Judge tosses class action suit vs Uber over Logan Airport fee

KevinH

Well-Known Member
http://www.bostonherald.com/busines...ss_action_suit_vs_uber_over_logan_airport_fee

A potential class 
action lawsuit that accused ride-sharing giant Uber of charging riders an unfair fee for airport trips has been tossed by a federal judge who said passengers signed away their right to sue.

“The process through which the plaintiffs established their accounts put them on reasonable notice that their affirmative act of signing up also bound them to Uber’s Agreement,” U.S. District Court Judge Douglas Woodlock wrote in his decision. “Whether or not plaintiffs had actual notice of the terms of the Agreement, all that matters is that plaintiffs had reasonable notice of the terms.”

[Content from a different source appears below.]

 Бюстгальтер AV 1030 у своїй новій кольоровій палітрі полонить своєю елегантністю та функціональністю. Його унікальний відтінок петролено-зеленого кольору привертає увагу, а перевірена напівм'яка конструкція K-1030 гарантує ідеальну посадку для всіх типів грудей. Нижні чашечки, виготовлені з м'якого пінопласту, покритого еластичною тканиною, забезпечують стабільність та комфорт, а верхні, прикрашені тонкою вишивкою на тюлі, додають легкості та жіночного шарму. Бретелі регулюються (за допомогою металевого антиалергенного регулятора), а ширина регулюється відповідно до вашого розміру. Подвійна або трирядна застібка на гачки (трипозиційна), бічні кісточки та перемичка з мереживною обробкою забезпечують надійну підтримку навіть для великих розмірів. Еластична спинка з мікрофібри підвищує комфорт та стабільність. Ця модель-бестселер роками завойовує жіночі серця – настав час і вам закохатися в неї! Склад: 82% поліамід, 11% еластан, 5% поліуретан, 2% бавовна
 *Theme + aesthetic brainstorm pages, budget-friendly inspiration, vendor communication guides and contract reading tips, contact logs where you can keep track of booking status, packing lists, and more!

The suit, which was filed in Suffolk Superior Court in 2014 but was 
later moved to federal court, accuses Uber of applying an $8.75 “Massport surcharge” to all airport rides — a “fictitious” fee, according to attorneys representing the passengers.

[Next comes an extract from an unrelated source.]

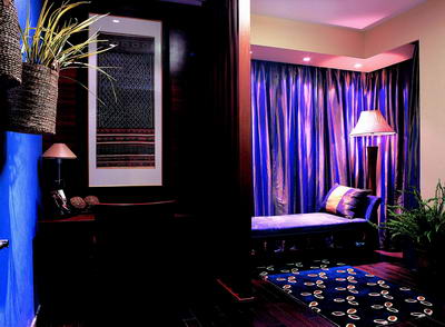 东南亚风情,舒张中有含蓄,妩媚中带神秘,兼具平和与激情。把家打造成浓艳绮丽的东南亚风情,它所带来的不仅是视觉的锦绣多彩,更是生活的曼妙体验。蓝紫色的窗帘、地毯与床铺打造出一个神秘异样的睡眠空间。虽然面积并不怎么大,但整个空间充满着无穷的魅惑感与迷幻感。
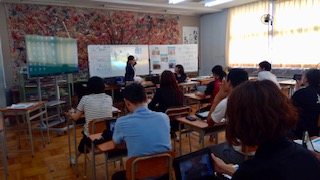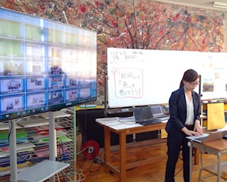 研究授業のあとは、スカイ株式会社の方から、タブレット端末を使った授業づくりについて研修していただきました。

Woodlock ruled that the controversy has to be heard in front of an arbitrator 
because the riders accepted Uber’s terms of use, which compels arbitration and says that riders waive “the right to a trial by jury or to participate as a plaintiff or class user in any purported class action” case.

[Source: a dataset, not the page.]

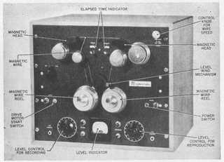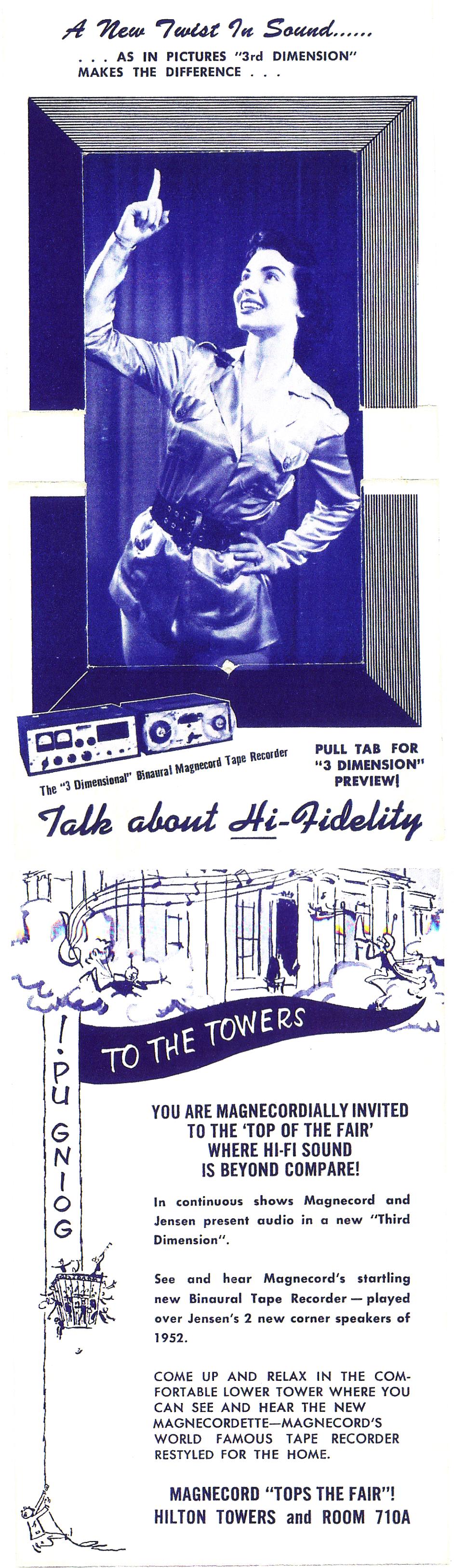 | Hanna, Phil. "U. S. Youth Still Shows Courage and Ingenuity." Chicago Daily News, July 29, 1946, p. 22. "Those who think this generation of American youth has lost some of the traditional courage and ingenuity of the nation's builders ought to acquaint themselves with the five young 'partners' in Magnecord, Inc., 304 W. 63rd st. Here one sees two former combat correspondents in the Pacific and three electronic technicians teamed up. They've started manufacturing special purpose high fidelity wire recording machines for radio station recording, motion picture producing and other scientific work. Among other products is an anti-wire tapping device. After a message is put on a wire recorder, the device 'scrambles' the message as it is being transmitted. That makes it unintelligible. At the receiving end the device 'unscrambles' the message, and the recording 'plays' the message properly. Magnecord, Inc., is operating under a license from the Armour Research Foundation along with 30 other licensees. But the other licenses are devoting themselves to mass-produced wire recorders for home and office use, while these boys are looking toward demands from the technical and professional field. Their rcorder is designed for special, high-grade work, such as recording unusual sound phenomena in research laboratories. R. J. Tinkham, president, is an Armour Research man and a graduate of the University of Illinois. He is an acoustical engineer, did research work on wire recorders and other special devices for the Bureau of Ordnance, U.S.N., during the war. John S. Boyer, chief engineer, another Armour man, did research on underwater sound devices at the New London (Conn.) laboratory of Columbia University. He also did research work on radar at the radiation laboratory of Massachusetts Institute of Technology. Frederick A. Baxter, secretary, and C. G. Barker, sales manager, were war combat correspondents in the Pacific for three years; made the first combat wire recording at Mount Tapotachu on Saipan; made the first recordings for Army air shows. Their recordings were sent to the United States for use by radio stations and to Honolulu for conversion into wax records which were distributed over the United States. Barker worked at Armour Research Foundation prior to forming Magnecord. R. L. Landon, another Armour man, fifth member of the 'Five Horsemen,' is production manager. He worked on atomic bomb research at the University of Chicago and had war plant production experience. . . ." Hanna, Phil. "Recorders Pay Off For 5 Young Men." Chicago Daily News, Nov. 30, 1949, p. 42. "Back in July, 1946, I wrote about five young fellows who worked for the Research division of Illinois Institute of Technology. They set up shop at W. 63d st., to make a special purpose high-fidelity wire recorder. Their youthful enthusiasm for going into business on their own was notable. I had an idea they would succeed. So the other day I checked up to see what they had done in three and a half years on their own. Like so many new firms, they altered their product in May, 1948. They are selling a tape recorder to broadcasting stations and other professional users. They tell me all national radio networks use their machines; that of a total of 3,000 professional users, they have 2,300 machines in use. They say they are doing special work for such firms as the Bell Telephone Laboratories. The little firm, known as Magnecord Inc., has outgrown the 63d st. location with 2,000 square feet. It is now housed at 225 W. Ohio st. with 9,000 square feet. They have 90 employees compared with 12 at their former location, are doing $90,000 a month in sales. R. J. Tinkham, 38, is president. Their success is helped along by a vigorous sales policy. C. G. Barker, 28, sales manager, says that no matter how good your product, it has to be sold by intensive solicitation. He doesn't believe in the 'better mousetrap' theory. He set up 11 regional factory representatives and 106 distributors, and says business is especially good in the Southeast - that Georgia is booming. J. S. Boyer, 34, is chief engineer. He has four other young engineers constantly working to better the product. R. L. Landon, 32, is production manager, which rounds out about the most closely knit top organization I have recently seen. F. A. Baxter, the fifth of the original group, left the organization. 'Don't think we didn't have our troubles,' says Tinkham - 'we know what a 70-hour week is. But Chicago firms helped, the bank helped - and now we can see daylight.' A net worth of $121,000 seems to confirm." Canby, Edward Tatnall. "The New Recordings." Saturday Review, August 13, 1949. "...work with the newer, second-round crop of home tape machines is undeniably easy and increasingly foolproof. The first machines, like most new gadgets, were over-elaborate and bug-ridden. Things went wrong. The pioneer Soundmirror was a typical first-off product, with its three separate motors, baffling handfuls of interlock switches, automatic starts and stops that went haywire (for me anyway). Its successor is far more tractable, and recording procedure is currently being even more streamlined in dozens of sharply competing new models. The average home machine runs at seven and one-half inches per second, half the professional tape speed, in either single-track or double-track form, giving home-type sound quality generally a bit better than equivalent disc phonographs, tonal range from 5000 or so (too low) up to 8000, somewhat less than 'high fidelity.' Single-track machines run a half hour per 1200 ft. roll, double-track models two half hours, the tape running through twice. The 'Twin-Trax,' [made by Amplifier Corporation of America] with automatic reverse, gives an unbroken hour per roll. Double-track is economical but note that it cannot be cut and spliced as can single-track tape - a major disadvantage in some cases. For those who must have real hi-fi, the ne plus ultra is the Magnecord. This

“We have to discuss with our clients to determine whether they think an 
appeal is called for here,” said John Roddy, who represents the potential class of passengers. “We think this is the kind of issue that should be dealt with by the First Circuit Court of 
Appeals, but it’s up to our clients.”

Uber said the decision “affirmed the validity and enforceability of Uber’s Terms of Service, including the arbitration provision.”

Online agreements that deny users the right to sue and compel arbitration have stirred up controversy, and Woodlock acknowledged that they are the “subject of current scholarly disapproval and skeptical investigative journalism.”
 

tohunt4me

Well-Known Member
http://www.bostonherald.com/busines...ss_action_suit_vs_uber_over_logan_airport_fee

A potential class 
action lawsuit that accused ride-sharing giant Uber of charging riders an unfair fee for airport trips has been tossed by a federal judge who said passengers signed away their right to sue.

“The process through which the plaintiffs established their accounts put them on reasonable notice that their affirmative act of signing up also bound them to Uber’s Agreement,” U.S. District Court Judge Douglas Woodlock wrote in his decision. “Whether or not plaintiffs had actual notice of the terms of the Agreement, all that matters is that plaintiffs had reasonable notice of the terms.”

The suit, which was filed in Suffolk Superior Court in 2014 but was 
later moved to federal court, accuses Uber of applying an $8.75 “Massport surcharge” to all airport rides — a “fictitious” fee, according to attorneys representing the passengers.

Woodlock ruled that the controversy has to be heard in front of an arbitrator 
because the riders accepted Uber’s terms of use, which compels arbitration and says that riders waive “the right to a trial by jury or to participate as a plaintiff or class user in any purported class action” case.

“We have to discuss with our clients to determine whether they think an 
appeal is called for here,” said John Roddy, who represents the potential class of passengers. “We think this is the kind of issue that should be dealt with by the First Circuit Court of 
Appeals, but it’s up to our clients.”

Uber said the decision “affirmed the validity and enforceability of Uber’s Terms of Service, including the arbitration provision.”

Online agreements that deny users the right to sue and compel arbitration have stirred up controversy, and Woodlock acknowledged that they are the “subject of current scholarly disapproval and skeptical investigative journalism.”
They will round us up and intern us in prison camps selling our internal organs to highest bidder.

Judge will say we signed our rights away when we signed up for Uber .
. .
 

JHawk

Active Member
What's interesting is this case shows that Uber exhibits a similar level of arrogant disdain towards the RIDERS that it does towards the drivers....and last time I checked, the riders are your customers and source of income?!?!?! I mean protecting yourself is one thing, but hiding behind legal loopholes and creative rider agreements all in the name of the almighty dollar shows how awful and desperate Uber's position has been, even from its inception.